======== Provided records

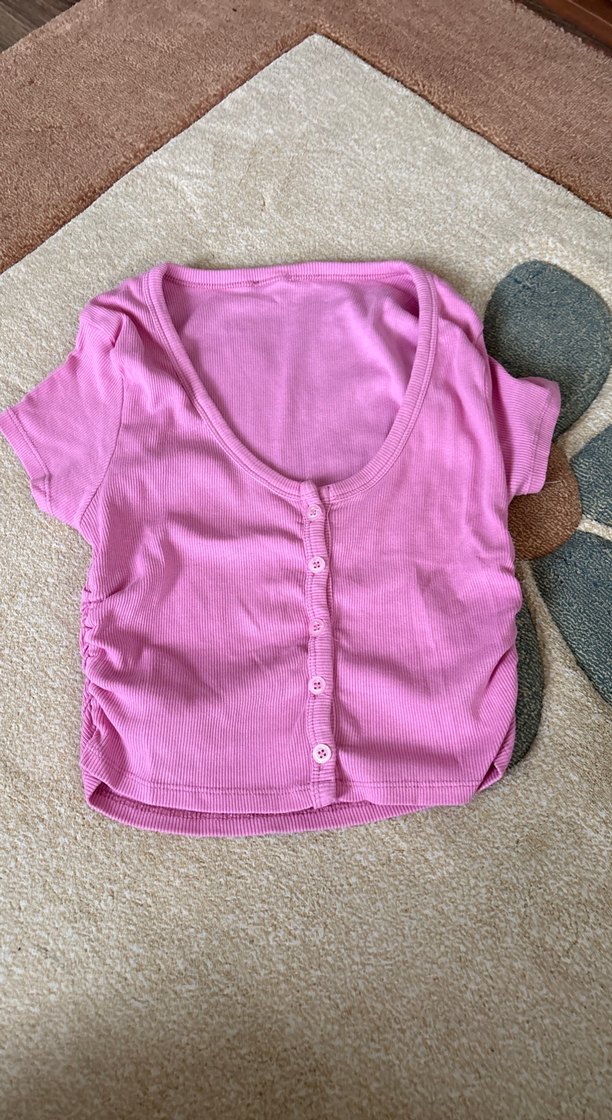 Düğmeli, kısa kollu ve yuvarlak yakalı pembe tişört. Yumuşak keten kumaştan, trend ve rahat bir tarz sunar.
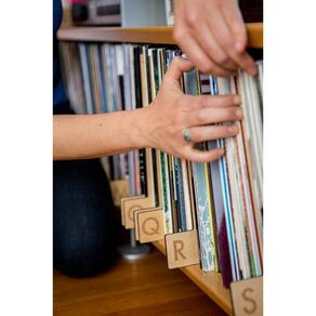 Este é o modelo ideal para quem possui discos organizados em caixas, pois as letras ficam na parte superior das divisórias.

================
======== Provided records

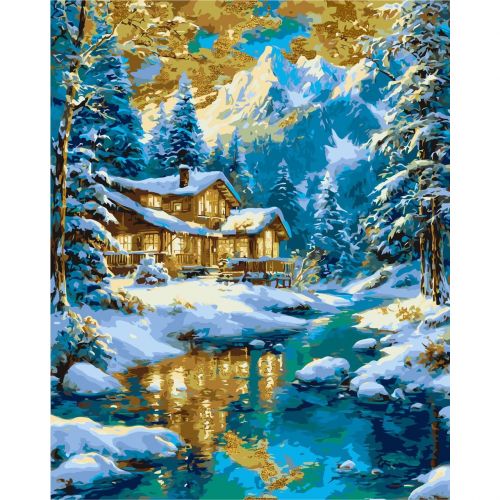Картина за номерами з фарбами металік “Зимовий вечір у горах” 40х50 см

================

**Exercise instructions**
The lines to reproduce run from the one above containing "Düğmeli, kısa kollu" through the one containing "Este é o modelo". Copy them exactly and leave out all pictures.

**Result for this task**
 Düğmeli, kısa kollu ve yuvarlak yakalı pembe tişört. Yumuşak keten kumaştan, trend ve rahat bir tarz sunar.
 Este é o modelo ideal para quem possui discos organizados em caixas, pois as letras ficam na parte superior das divisórias.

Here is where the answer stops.